Orologio della stazione centrale di Pyongyang (Afp)

Dopo un lungo periodo di tregua, caratterizzato da dichiarazioni concilianti e incontri al vertice, riesplode la tensione tra Corea del Nord e Stati Uniti. Il regime comunista di Pyongyang ha infatti accusato ieri Washington di ostacolare il dialogo e la distensione al 38° parallelo. Un portavoce del ministero degli esteri, citato dalla Kcna, l’agenzia di stampa statale nordcoreana, ha definito «fuorvianti» le recenti affermazioni di Washington, secondo cui la politica di sanzioni e massima pressione politica e militare sarebbero i fattori che ha condotto il regime di Pyongyang a sedere al tavolo dei negoziati. «Si tratta _ ha precisato il portavoce — di un pericoloso tentativo di rovinare la nascente distensione tra le due Coree e l’atmosfera di dialogo costruita con grandi sforzi», dopo l’incontro nei giorni scorsi tra i il leader nordcoreano, Kim Jong-un e il presidente sudcoreano, Moon Jae-in. «Washington sta ingannando l’opinione pubblica con dichiarazioni che descrivono il processo di denuclearizzazione alla penisola come conseguenza delle sanzioni economiche e della pressione su Pyongyang». Gli Stati Uniti — ha concluso il portavoce — «stanno deliberatamente provocando la Corea del Nord proprio mentre la situazione della penisola coreana sta andando verso la pace e la riconciliazione». Una pace che il popolo coreano attende da 55 anni.
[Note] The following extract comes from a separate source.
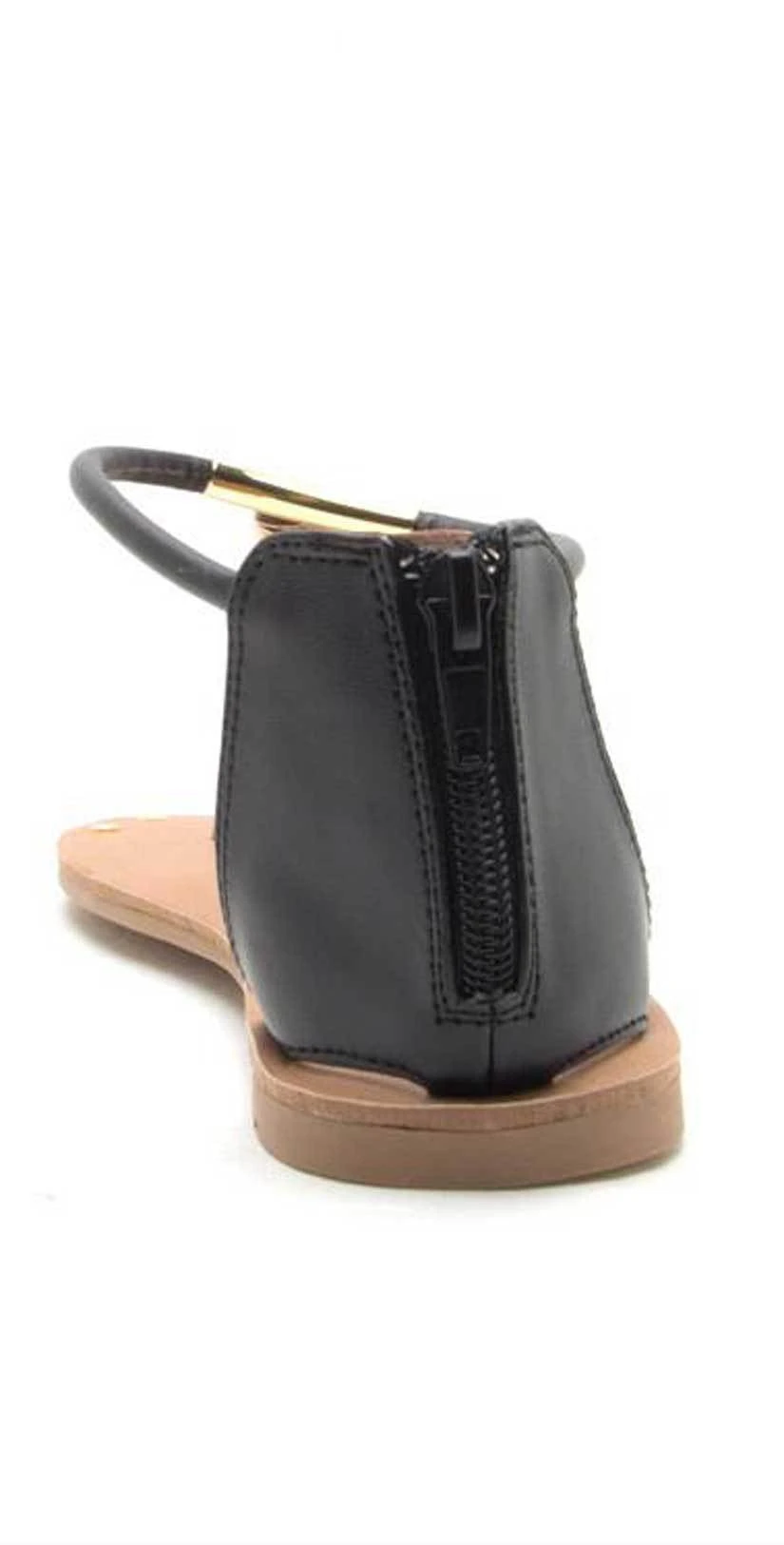The Qupid Shoes Athena Thong Sandal is black and gold accent sandal that has gold metal detail around the thong part of the sandal. This beige and black and gold sandal is a black thong wrapped in gold accents with a zipper back and round gold accents at the front of the sandal.

Nel corso del vertice tra Kim e Moon, avvenuto a Panmunjeom, il villaggio smilitarizzato al confine tra Corea del Nord e Corea del Sud, dove venne firmato l'armistizio del 1953 che pose fine alla guerra di Corea, Pyongyang ha accettato di avviare una denuclearizzazione della penisola e di arrivare a un trattato di pace che superi l’armistizio firmato nel 1953.

Inoltre, la Corea del Nord ha annunciato la sospensione dei test balistici e la chiusura del sito nucleare di Punggye-ri, da dove sono stati effettuati gli ultimi test atomici del regime.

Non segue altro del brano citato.